The Food & Drug Administration’s implementation of the new “breakthrough” therapy designation has had a pretty impressive start.

As of July 26, FDA has issued breakthrough designations to 25 drug and biologic marketing applications. That alone is notable: breakthrough products must be intended to treat serious or life-threatening conditions and have clinical data demonstrating a substantial improvement over existing therapies. The fact that there are two dozen such products in development (and as many as 29 additional applications under review) says something pretty significant about the current state of drug R&D.

It’s even more impressive when you consider that FDA was expecting to designate two, three, maybe four breakthrough products a year – not the 30 or 40 that the agency appears to be on track to issue by the program’s one-year anniversary on October 1. Whether that’s an initial wave that will eventually subside or a sign of a new era of drug development remains to be seen.
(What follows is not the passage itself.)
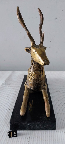 • Linda escultura de "CERVO" em bronze maciço, na posição de repouso com base em granito negro. Dimensões: 18 cm x 21 cm x 7 cm.
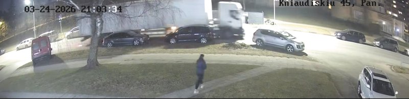 Vos žudiku kelyje netapusio pažeidėjo kelionę užfiksavo vieno Kniaudiškių gatvės daugiabučio namo teritoriją stebinčios vaizdo kameros. Įraše matyti, kad palei gatvę šunį vedžiojanti moteris, išgirdusi triukšmą, bėgte pasileidžia į pievą. Kita praeivė irgi skubiai traukiasi kuo toliau nuo gatvės.

But either way, it’s an unexpected success story.

And when it comes to what drug developers are actually getting from the breakthrough therapy designation, early reports are nothing but positive. Sponsors say the most important difference between a breakthrough and FDA’s other expedited programs (like the fast track designation, for example), is the quality and frequency of the communication with FDA officials about a development program – and who’s at the table.

“It’s a different kind of conversation,” Vertex Pharmaceuticals Inc. President and CEO Jeffrey Leiden said during a Friends of Cancer Research panel discussion on Capitol Hill July 24. “It’s iterative. It’s continuous. It’s ‘pick up the phone if you have a problem.’” (Vertex received the first two designations for its cystic fibrosis program, and thus has been working with FDA on breakthrough the longest.)

But that “all hands on deck” approach has one serious downside: it’s really resource-intensive for FDA.

FDA is certainly used to making do with tight budgets; the agency has been underfunded by Congress for years, and has only partially made up the difference with increased user fees from industry. But the agency has been stretched further under the Congressional budget sequester, preventing it from accessing $209 million in FY 2013 funding, including $82 million in user fees used to fund drug reviews. (“Sequestration Day: FDA Will Manage For Now, But Could Suffer Later If Hiring Deferred” — “The Pink Sheet” DAILY, Mar. 1, 2013)

That’s led some sponsors to question whether FDA can afford to implement the breakthrough program under the budget sequester – especially since it is being used at a significantly higher rate than anyone ever expected. And if FDA is making breakthrough products a priority, what does that mean for all the other applications that might not have qualified, but still may be important new treatments?

FDA’s Center for Drug Evaluation & Research Director Janet Woodcock acknowledged those challenges. The agency is clearly spending more on applications with breakthrough designations, she said, but added that the process should be inherently more efficient overall: If the “big question” of whether a drug is effective is taken off the table, FDA should be able to complete those reviews more quickly, Woodcock argued.

Industry should hope she’s right. The new breakthrough designations should speed more targeted and efficacious treatments to patients faster. But Woodcock hopes the program will go a step further and improve the entire drug development process by encouraging industry to upgrade manufacturing facilities and design more efficient clinical trials to meet the needs of a greatly accelerated review.

The question is whether FDA has the resources to see it through.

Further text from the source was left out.